▸ EXCERPTED DATA
· · · ·

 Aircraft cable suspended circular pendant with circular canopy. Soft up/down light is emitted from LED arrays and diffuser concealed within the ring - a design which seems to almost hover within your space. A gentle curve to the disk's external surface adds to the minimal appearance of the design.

· · · ·

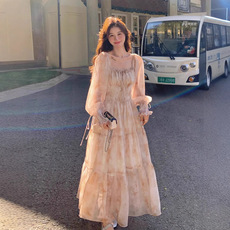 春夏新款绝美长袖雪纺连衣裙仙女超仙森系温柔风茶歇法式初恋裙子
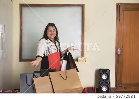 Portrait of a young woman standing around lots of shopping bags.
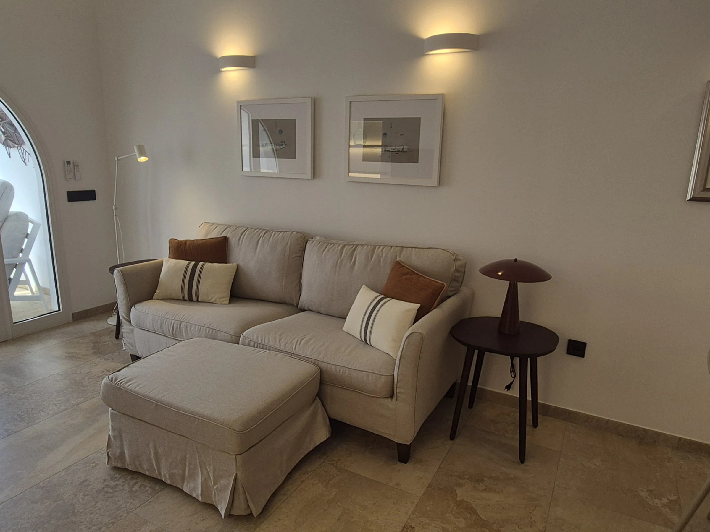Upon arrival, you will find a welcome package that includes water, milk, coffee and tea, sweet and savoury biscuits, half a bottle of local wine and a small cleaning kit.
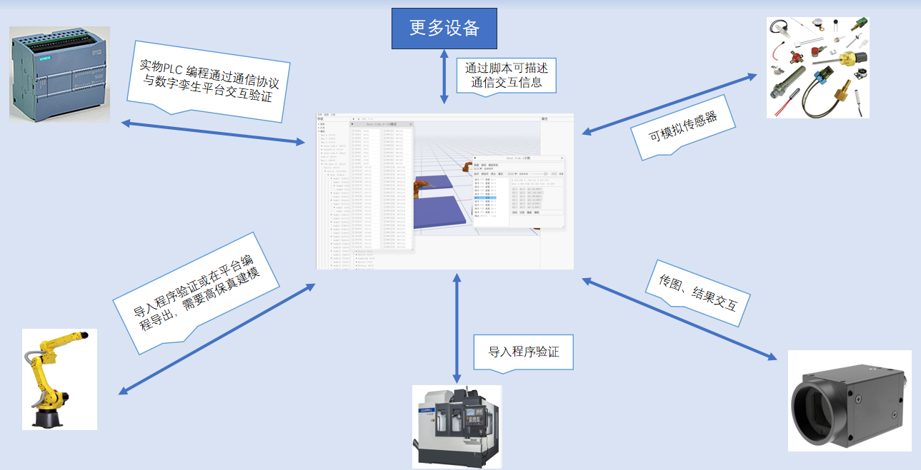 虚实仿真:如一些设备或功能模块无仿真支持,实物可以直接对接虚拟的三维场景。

· · · ·

▸ ACTIVITY
Out of the records above, set down only the lines from the one that contains "Portrait of a" through the one that contains "虚实仿真:如一些设备或功能模块无仿真支持,实物可以直接对接虚拟的三维场景。", unchanged and without the pictures.

▸ ANSWER SECTION
 Portrait of a young woman standing around lots of shopping bags.
Upon arrival, you will find a welcome package that includes water, milk, coffee and tea, sweet and savoury biscuits, half a bottle of local wine and a small cleaning kit.
 虚实仿真:如一些设备或功能模块无仿真支持,实物可以直接对接虚拟的三维场景。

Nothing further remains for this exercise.